Data entries:
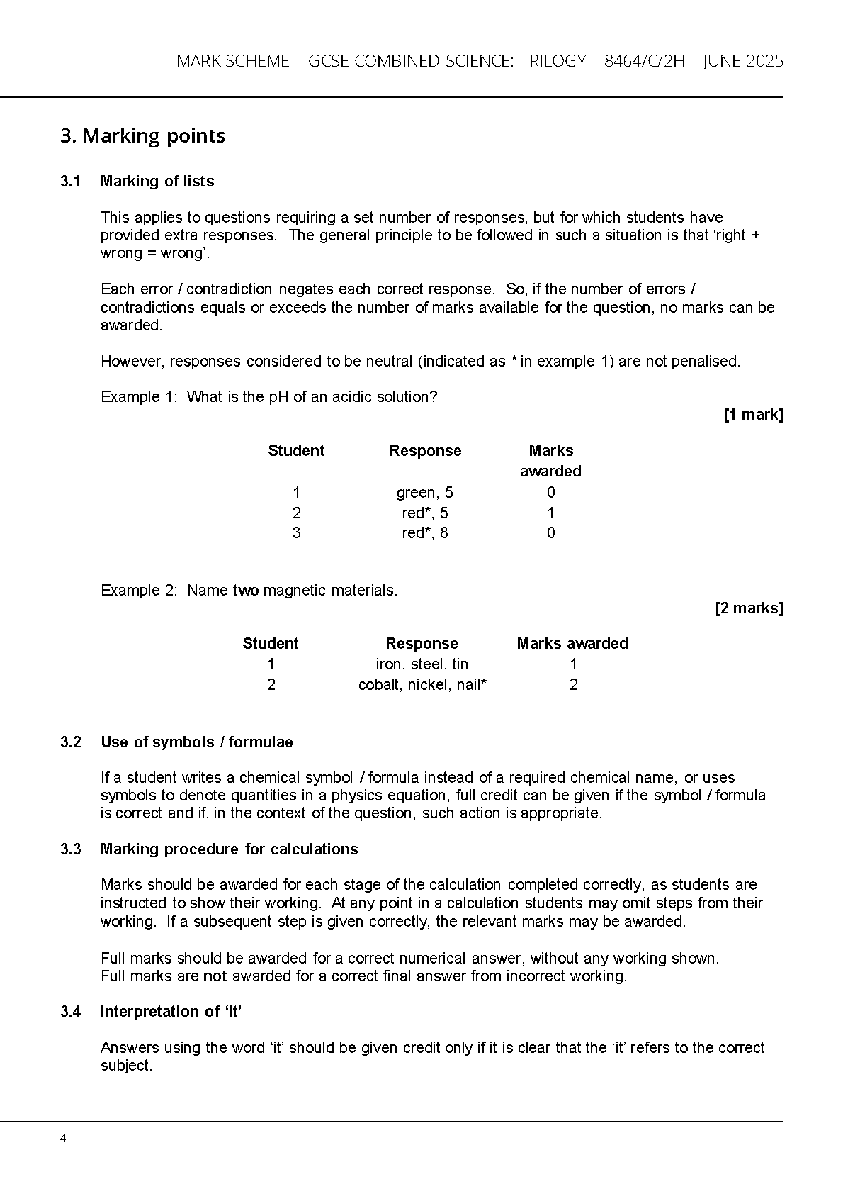 MERGED 2025 AQA GCSE COMBINED SCIENCE TRILOGY Chemistry Paper 2H Question Paper and Mark Scheme (8464/C/2H: Higher Tier)
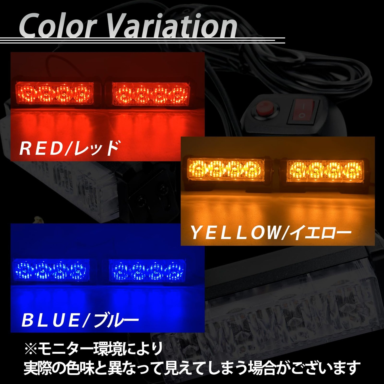 【セット内容】このLED警告灯は、イエロー・レッド・ブルーよりお選び頂けます、2個セットでの販売となります。これにより、より高い視認性と安全性を提供します。本体材質:アルミケースと樹脂レンズの組み合わせとなります。
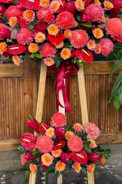 - Kệ hoa tông đỏ gồm: size to từ 70-75 hoa hồng đỏ, hoa cúc mẫu đơn đỏ, hồng Spirit, hoa hồng môn đỏ, hoa hạnh phúc kết hợp cùng các loại lá ... size vừa từ 50-70 bông hoa hồng đỏ và hoa lá phụ
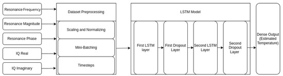 The LSTM and NN used the TensorFlow library to integrate with the rest of the data processing pipeline. Hyper-parameters, which were variables that described the overall structure of the model, were adjusted heuristically using Bayesian optimization to enhance the model’s performance and minimize the Mean Absolute Error (MAE). Some examples of these hyper-parameters include the LSTM model sizes (neuron percentage, neuron shrink), learning rate, kernel regularizer, and dropout layer percentage, as shown in Table 3. The final model architecture consisted of six layers. The first layer was an input layer with a shape of . The number of timesteps for these tests was 15. The features fed into the models were normalized resonant frequency, resonant magnitude, resonant phase, and IQ data (imaginary and real). The first LSTM layer had 213 neurons, the second had 49 neurons, and each layer used the tanh activation function to promote profiling of non-linear functions. The l2 kernel regularizer of the model was set to
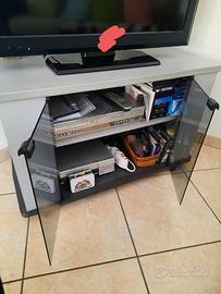Design moderno, colore grigio, su ruote quindi si sposta facilmente, con due sportelli in vetro fume'.
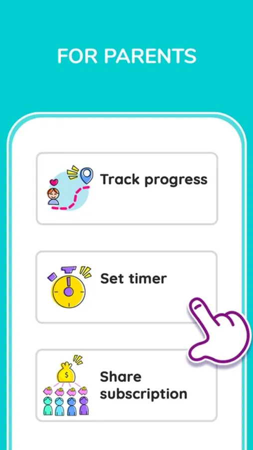 3. Parents area: set the usage timer and check your child's progress in real time.
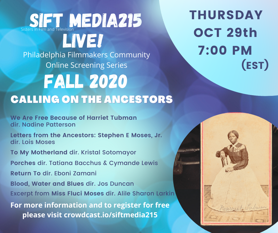 CALLING ON THE ANCESTORS is the final screening of our Fall 2020 season of SIFTMedia 215 LIVE! The program is a collection of short films by members and affiliates of our collective. We hope that our last screening of the fall will be a time to reflect on our ancestors and on all the gifts they have given us.
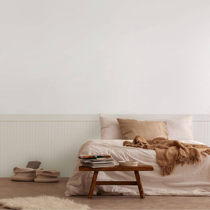 Wallpanel - Helle Vliestapete in Akustikpaneel-Optik Weiß-grau – natürlicher Look mit realistischer Holzstruktur.
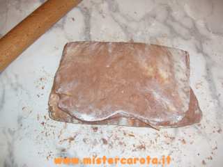 L'ho stesa nella tavola infarinata e ne ho fatto un rettangolo, dopodiché ho proceduto con il metodo classico dei piegamenti per la
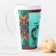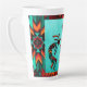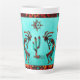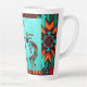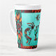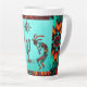 This is a Unique "One of a Kind" Southwest Kokopelli Latte Mug! It Features Two Southwest Kokopelli in Turquoise, Orange and Black Playing the Flute and Dancing Around a Cactus Under the Sun...on a Turquoise Background!
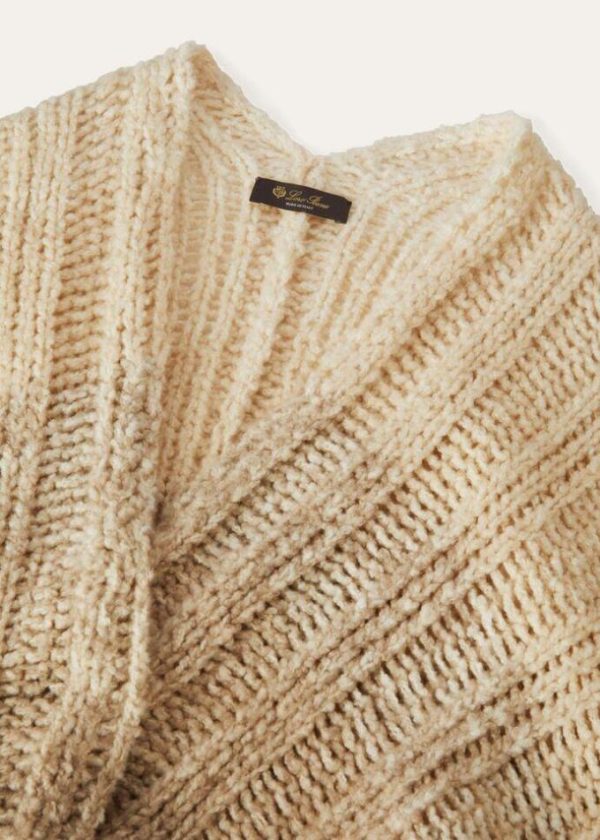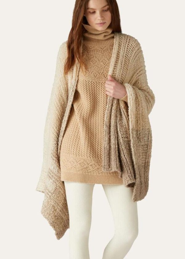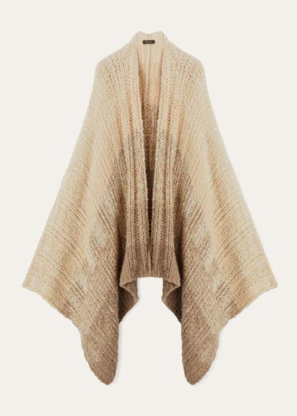 This loose-fitting shawl cape is crafted from pure cashmere yarn. Its warm, gossamer, bouclé texture provides unparalleled comfort and a light weight. Thanks to flat ribbing, it combines sporty style with a pleasant, cozy fit. A one-of-a-kind, elegant accessory. The gradient, natural shades of cashmere go perfectly with the collection’s outerwear.

TASK TO CARRY OUT:
With the pictures omitted, print the lines above exactly, beginning at the line with "L'ho stesa nella" and going on through the line with "This is a Unique".

RESPONSE:
 L'ho stesa nella tavola infarinata e ne ho fatto un rettangolo, dopodiché ho proceduto con il metodo classico dei piegamenti per la
 This is a Unique "One of a Kind" Southwest Kokopelli Latte Mug! It Features Two Southwest Kokopelli in Turquoise, Orange and Black Playing the Flute and Dancing Around a Cactus Under the Sun...on a Turquoise Background!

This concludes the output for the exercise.